▸ **Problem requirements**
Below this line are records; transcribe exactly the lines between the one holding "接着,华南理工大学伍婉卿教授" and the one holding "THE USD: The", inclusive, and omit the pictures.

▸ **Data provided**
★ ★ ★ ★
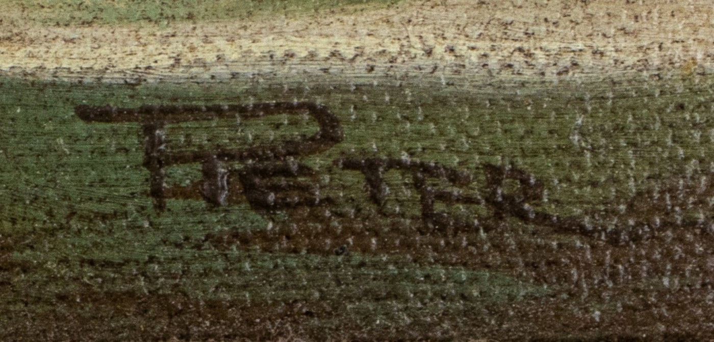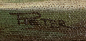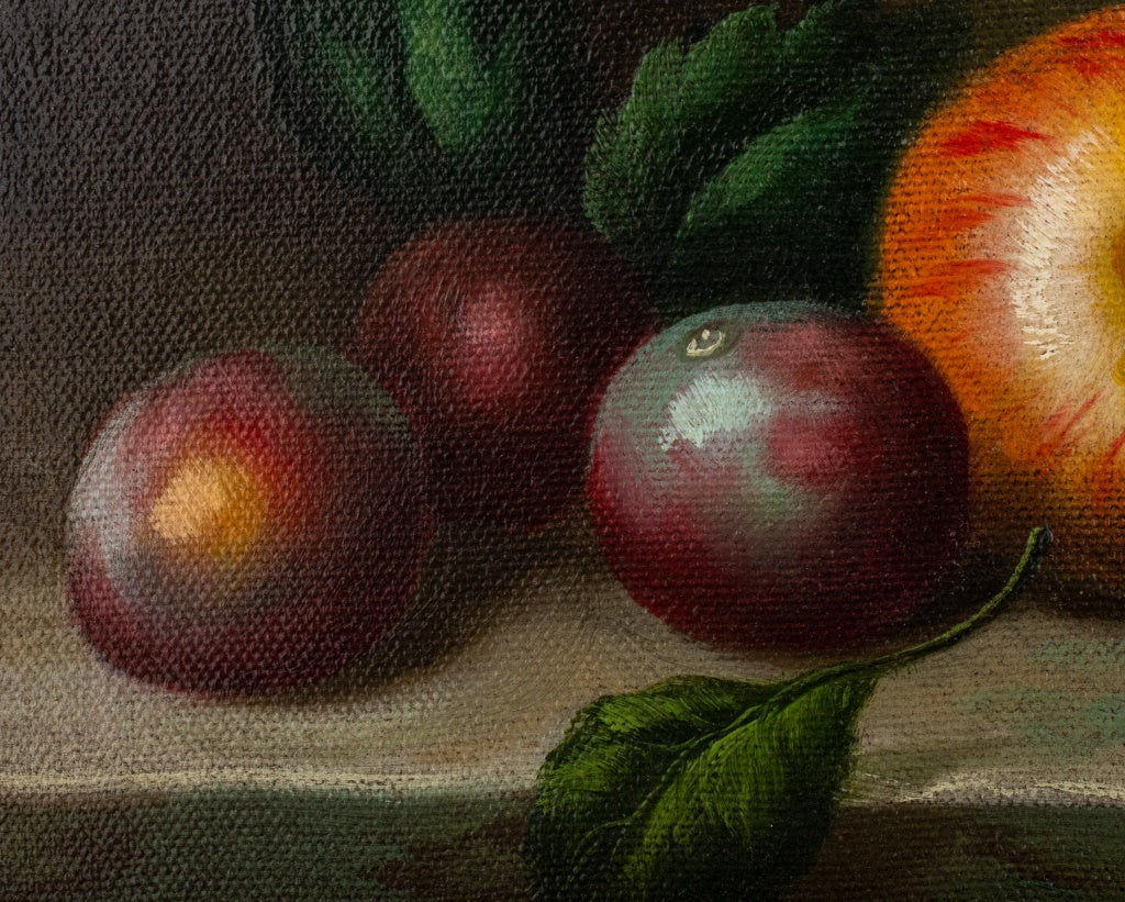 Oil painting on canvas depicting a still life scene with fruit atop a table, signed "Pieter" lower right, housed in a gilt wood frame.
★ ★ ★ ★
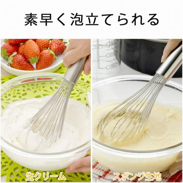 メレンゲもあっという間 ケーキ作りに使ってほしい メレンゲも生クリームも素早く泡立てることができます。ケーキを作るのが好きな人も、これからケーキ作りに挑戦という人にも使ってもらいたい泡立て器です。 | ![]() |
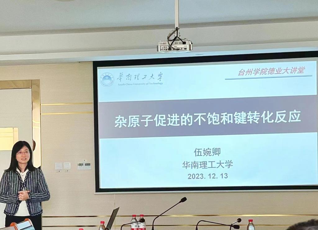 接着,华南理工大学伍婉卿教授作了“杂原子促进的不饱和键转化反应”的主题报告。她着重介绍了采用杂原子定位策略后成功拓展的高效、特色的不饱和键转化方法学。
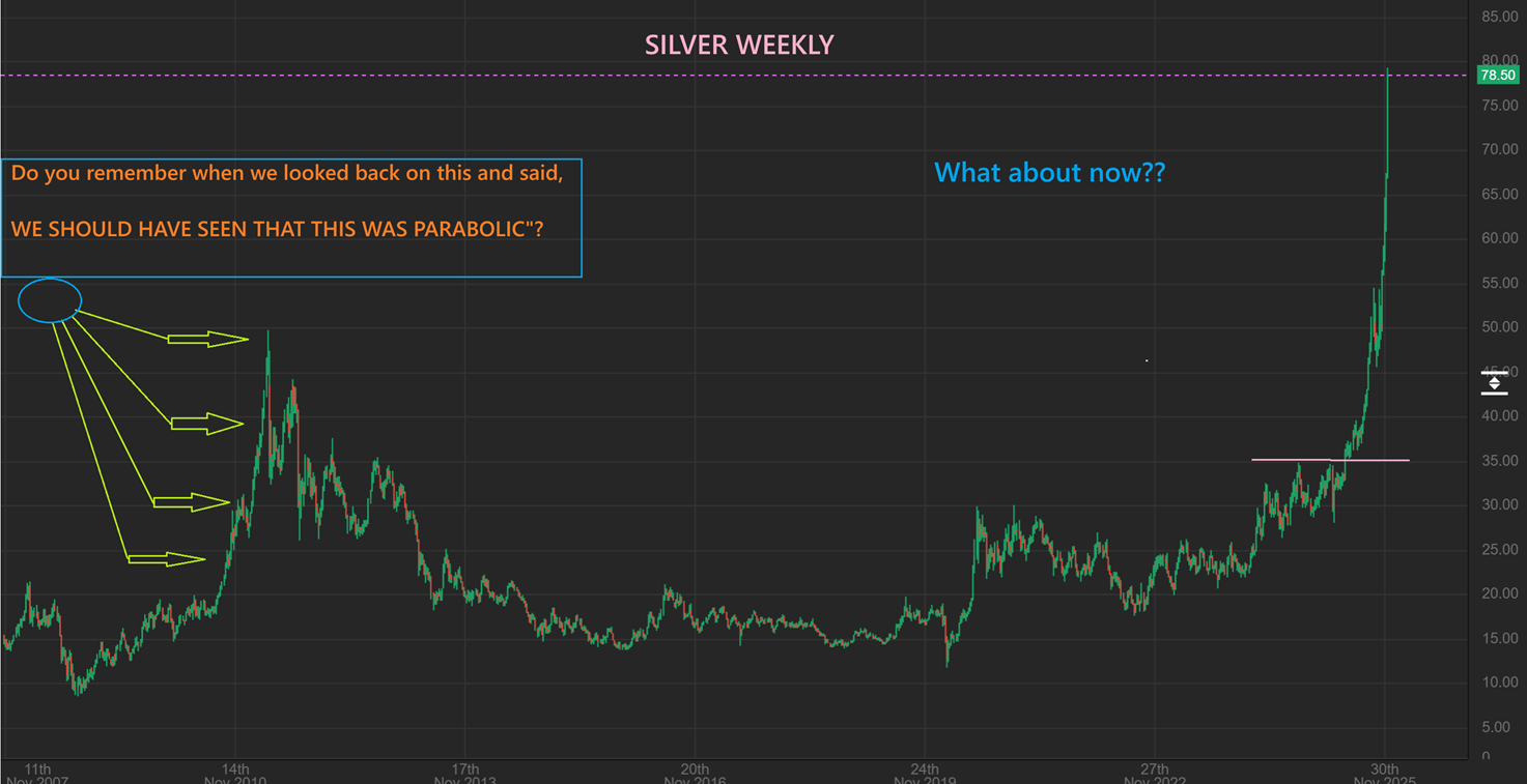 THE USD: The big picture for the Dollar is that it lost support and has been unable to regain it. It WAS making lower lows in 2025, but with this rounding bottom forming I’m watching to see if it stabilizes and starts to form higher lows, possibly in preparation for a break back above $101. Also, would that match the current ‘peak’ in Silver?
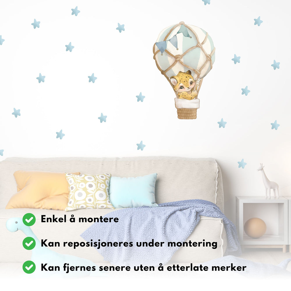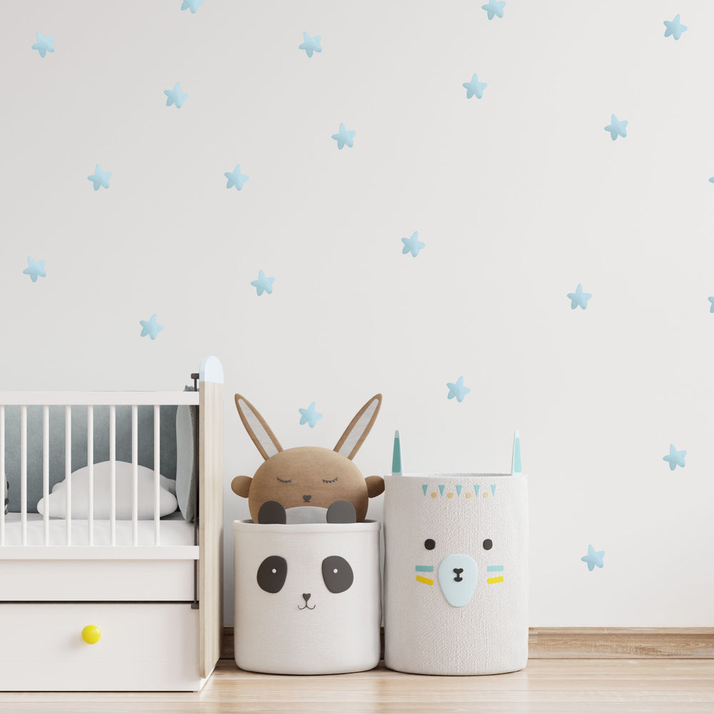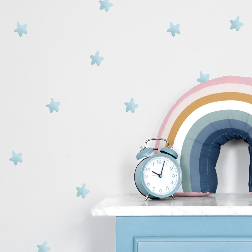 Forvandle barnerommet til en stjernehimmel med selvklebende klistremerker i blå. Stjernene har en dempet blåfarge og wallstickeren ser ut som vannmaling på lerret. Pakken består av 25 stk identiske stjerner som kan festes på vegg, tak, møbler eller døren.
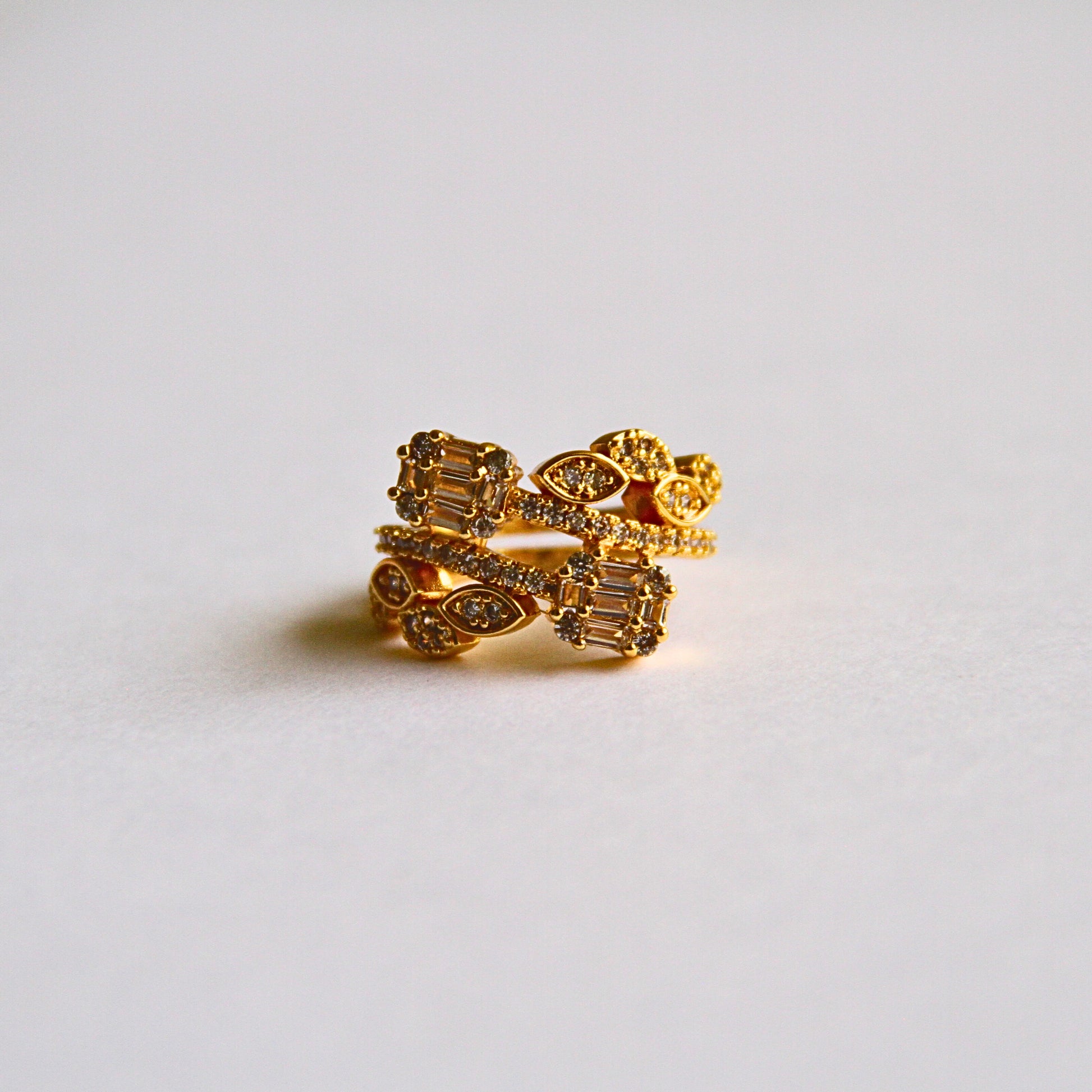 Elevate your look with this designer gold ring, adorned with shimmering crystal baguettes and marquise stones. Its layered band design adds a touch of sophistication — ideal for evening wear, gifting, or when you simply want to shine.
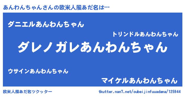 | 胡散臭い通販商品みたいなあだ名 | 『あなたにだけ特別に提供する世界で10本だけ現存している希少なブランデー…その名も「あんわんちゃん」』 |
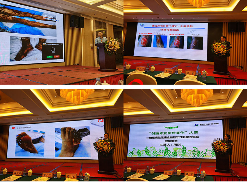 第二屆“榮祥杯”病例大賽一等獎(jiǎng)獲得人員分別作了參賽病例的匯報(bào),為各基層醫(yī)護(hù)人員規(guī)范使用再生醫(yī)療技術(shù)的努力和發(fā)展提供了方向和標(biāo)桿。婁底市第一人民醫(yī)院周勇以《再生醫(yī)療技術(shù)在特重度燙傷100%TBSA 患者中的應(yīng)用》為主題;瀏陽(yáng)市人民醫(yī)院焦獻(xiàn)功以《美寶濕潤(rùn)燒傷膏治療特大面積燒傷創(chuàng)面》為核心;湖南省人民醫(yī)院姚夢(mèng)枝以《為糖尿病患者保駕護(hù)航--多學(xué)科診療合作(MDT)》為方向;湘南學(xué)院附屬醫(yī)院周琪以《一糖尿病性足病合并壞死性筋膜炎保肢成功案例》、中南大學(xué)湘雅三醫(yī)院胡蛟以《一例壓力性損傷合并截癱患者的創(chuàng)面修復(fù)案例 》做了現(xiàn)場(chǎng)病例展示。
★ ★ ★ ★
▸ **Result for this task**
 接着,华南理工大学伍婉卿教授作了“杂原子促进的不饱和键转化反应”的主题报告。她着重介绍了采用杂原子定位策略后成功拓展的高效、特色的不饱和键转化方法学。
 THE USD: The big picture for the Dollar is that it lost support and has been unable to regain it. It WAS making lower lows in 2025, but with this rounding bottom forming I’m watching to see if it stabilizes and starts to form higher lows, possibly in preparation for a break back above $101. Also, would that match the current ‘peak’ in Silver?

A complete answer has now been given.